Requirement » An exact transcription of the lines from the one holding "кофта с топом." to the end of the entries below, and nothing more, is the required answer. Please omit the pictures.

(Material supplied begins)

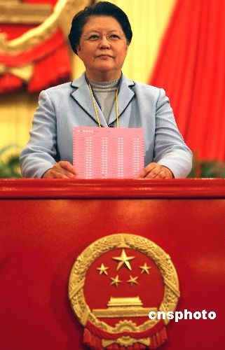 三月十五日上午,十一屆全國人大一次會議第五次全體會議在北京人民大會堂舉行,表決關于批準國務院機構改革方案的決定草案,選舉十一屆全國人大常委會委員長、副委員長、秘書長和常委,選舉國家主席、副主席及中央軍委主席等。圖為當選為十一屆全國人大常委會常委的香港全國人大代表范徐麗泰在會場投票。中新社發(fā) 任晨鳴 攝
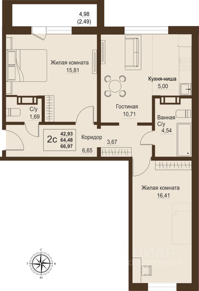 Продаётся 3-комнатная квартира в сданном доме (Мечты, 21 (Дом 3)), срок сдачи: IV-кв. 2025, общей площадью 64.48 кв.м., на 5 этаже. Жилой комплекс Шишкин расположен в экологически чистом направлении северо-запада в 2 км от Челябинска по Новоградскому тракту.
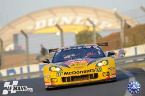 The #67 IMSA Porsche had been up front early but lost the lead to the polesitting #79 Flying Lizard Porsche 911 before the first safety car. However, team owner Seth Neiman crashed at Arnage which cost the team ten laps while repairing the car which dropped them from the lead to out of contention. That gave the lead to IMSA’s #67. In the early morning with 10 hours to go, the IMSA Porsche stopped to get new brake pads which put the #50 Larbre Corvette on point.
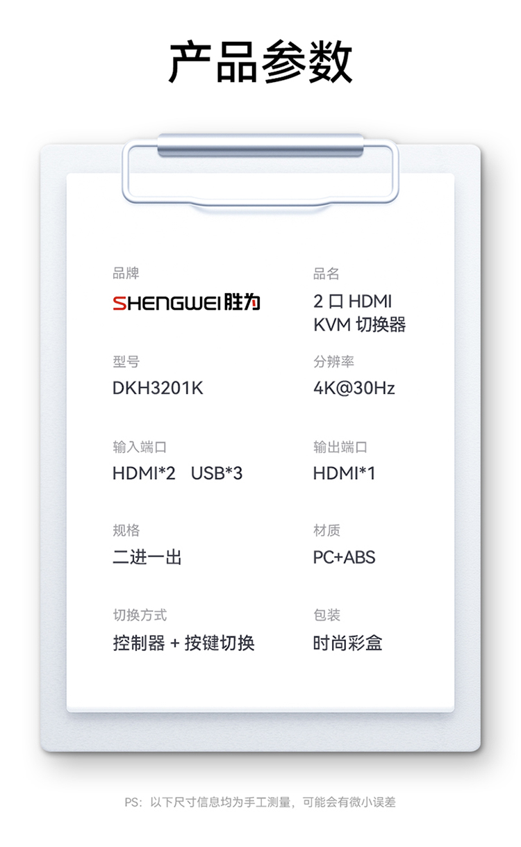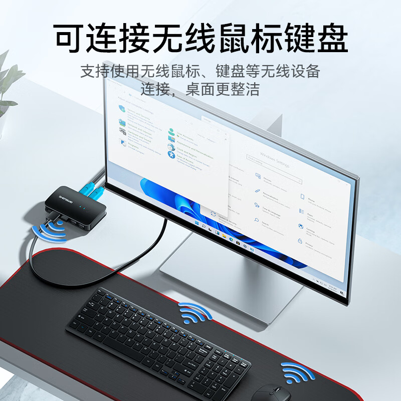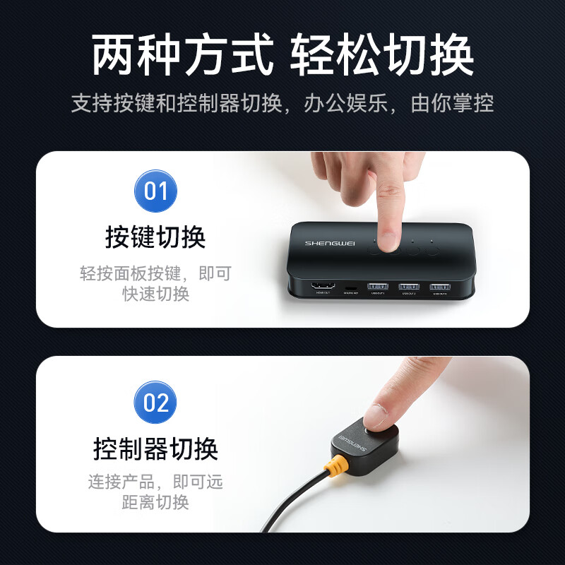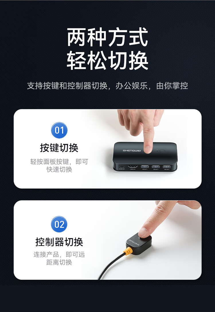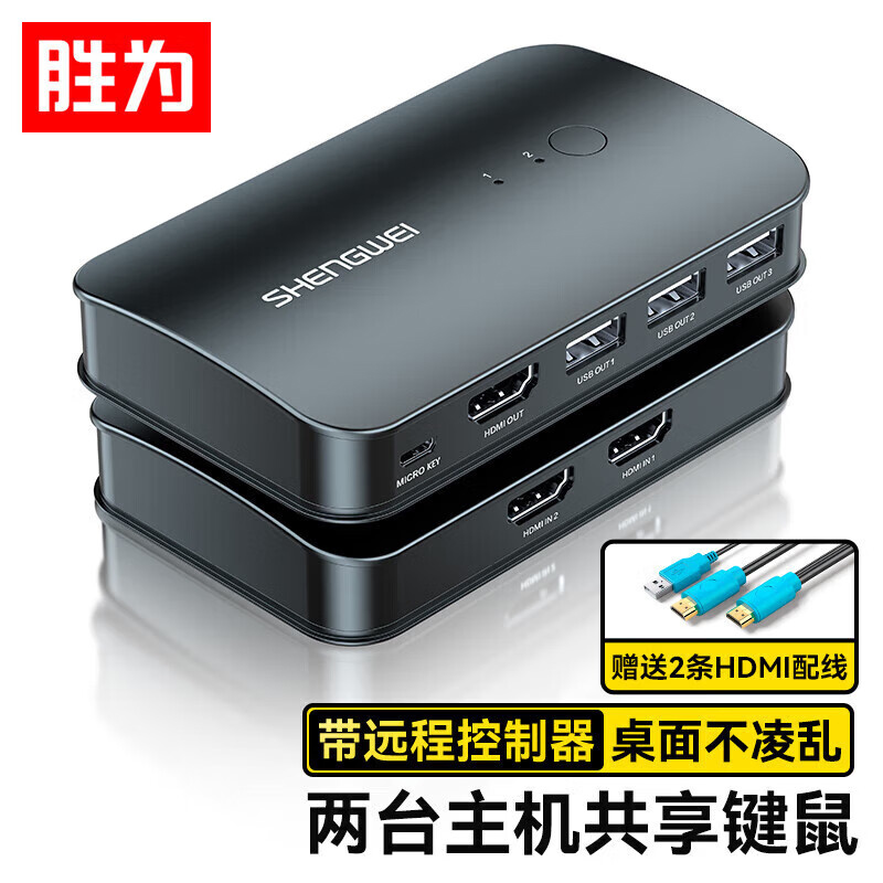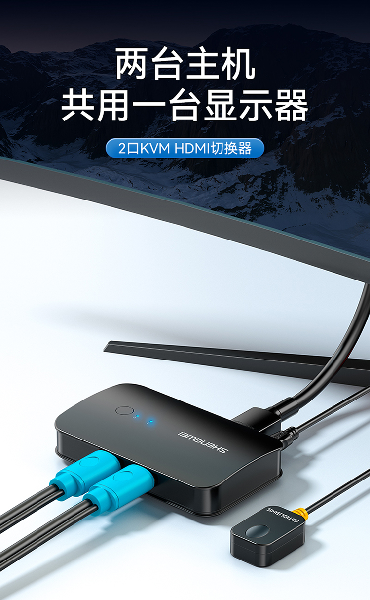 KVM切換器二進(jìn)一出hdmi切屏器配線 2進(jìn)1出 勝為2口顯示器鍵鼠USB打印機(jī)共享器 DKH3201K
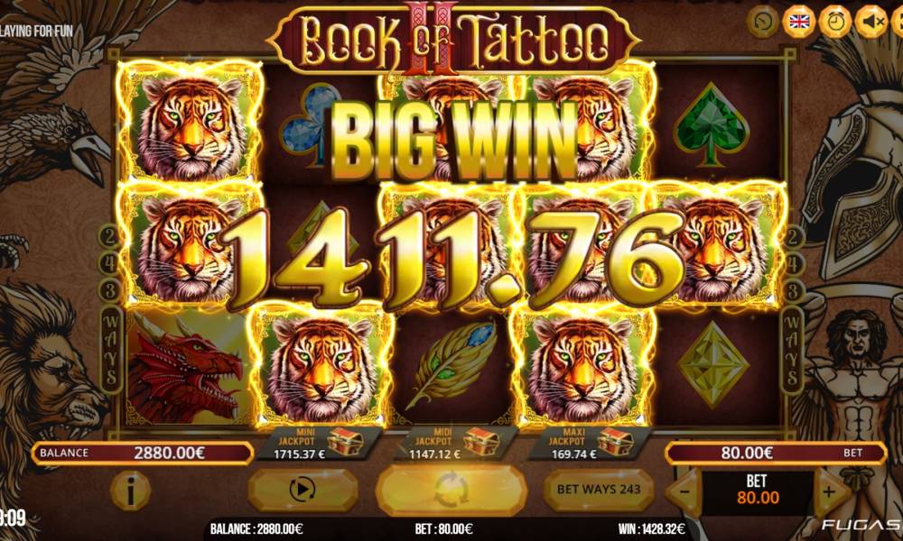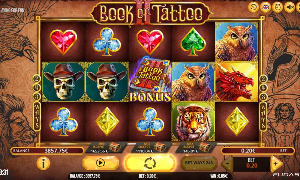 El campo de juego de la tragaperras Book of Tattoo 2 del proveedor Fugaso consta de 6 rodillos de 3 símbolos. Los pagos se realizan en 243 combinaciones posibles.
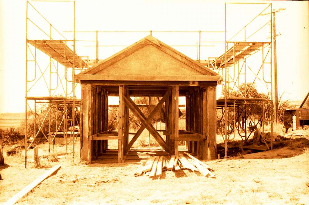 Martinez Tile Glazing Workshop: The first experimental all-gunite concrete building, with vaulted ceiling and pitched roof – Photographs of 4th step of construction process
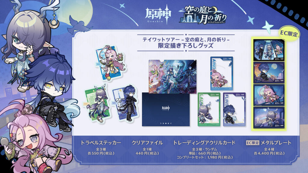 新キャラクターである「アイノ」「フリンズ」「ラウマ」の当イベント限定の描き下ろしグッズの販売を予定しております。また、『原神』公式のナド・クライグッズや、フランス・パリで2025年9月13日より開催予定の「Genshin Impact Teyvat Expo」で発売予定のグッズの同時販売も予定しております。
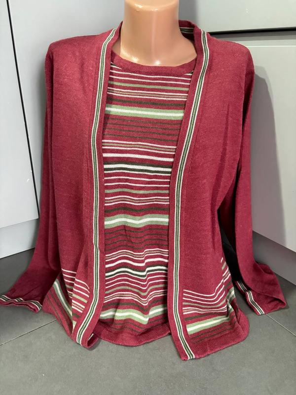 кофта с топом. бордовая плечи 38 ОГ 52 ОБ 53 рукав 61 длина 60
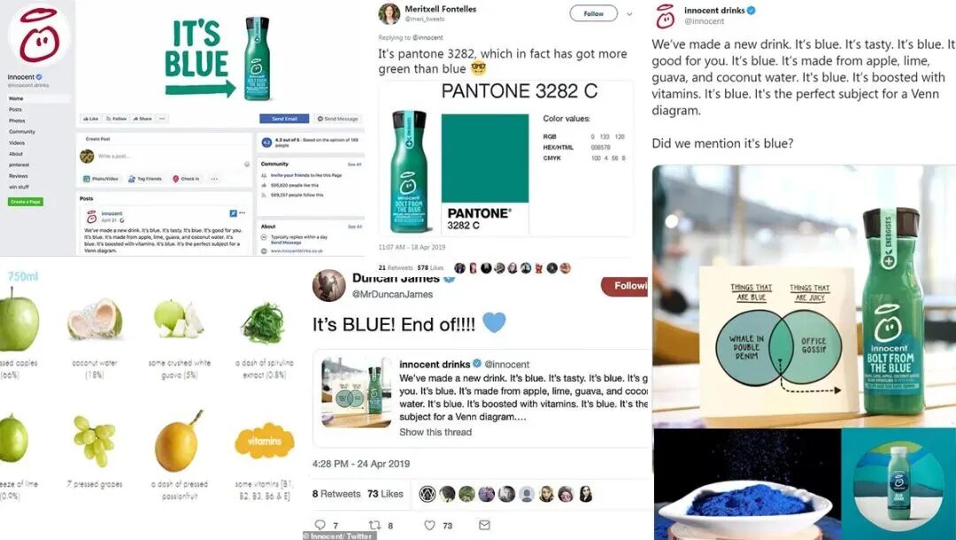 1999 年成立的 innocent,正是以「Blue Spark Super Smoothie」这款含有螺旋藻的果汁饮品打开欧洲市场:以 0.81% 螺旋藻提取物搭配苹果、番石榴基底,每瓶仅 100 大卡。2019年,innocent的年销售额达4.53亿英镑,约合43亿元人民币,产品现已覆盖英国、法国、德国、丹麦等23个欧洲国家。

(Material supplied ends)

Your response »
 кофта с топом. бордовая плечи 38 ОГ 52 ОБ 53 рукав 61 длина 60
 1999 年成立的 innocent,正是以「Blue Spark Super Smoothie」这款含有螺旋藻的果汁饮品打开欧洲市场:以 0.81% 螺旋藻提取物搭配苹果、番石榴基底,每瓶仅 100 大卡。2019年,innocent的年销售额达4.53亿英镑,约合43亿元人民币,产品现已覆盖英国、法国、德国、丹麦等23个欧洲国家。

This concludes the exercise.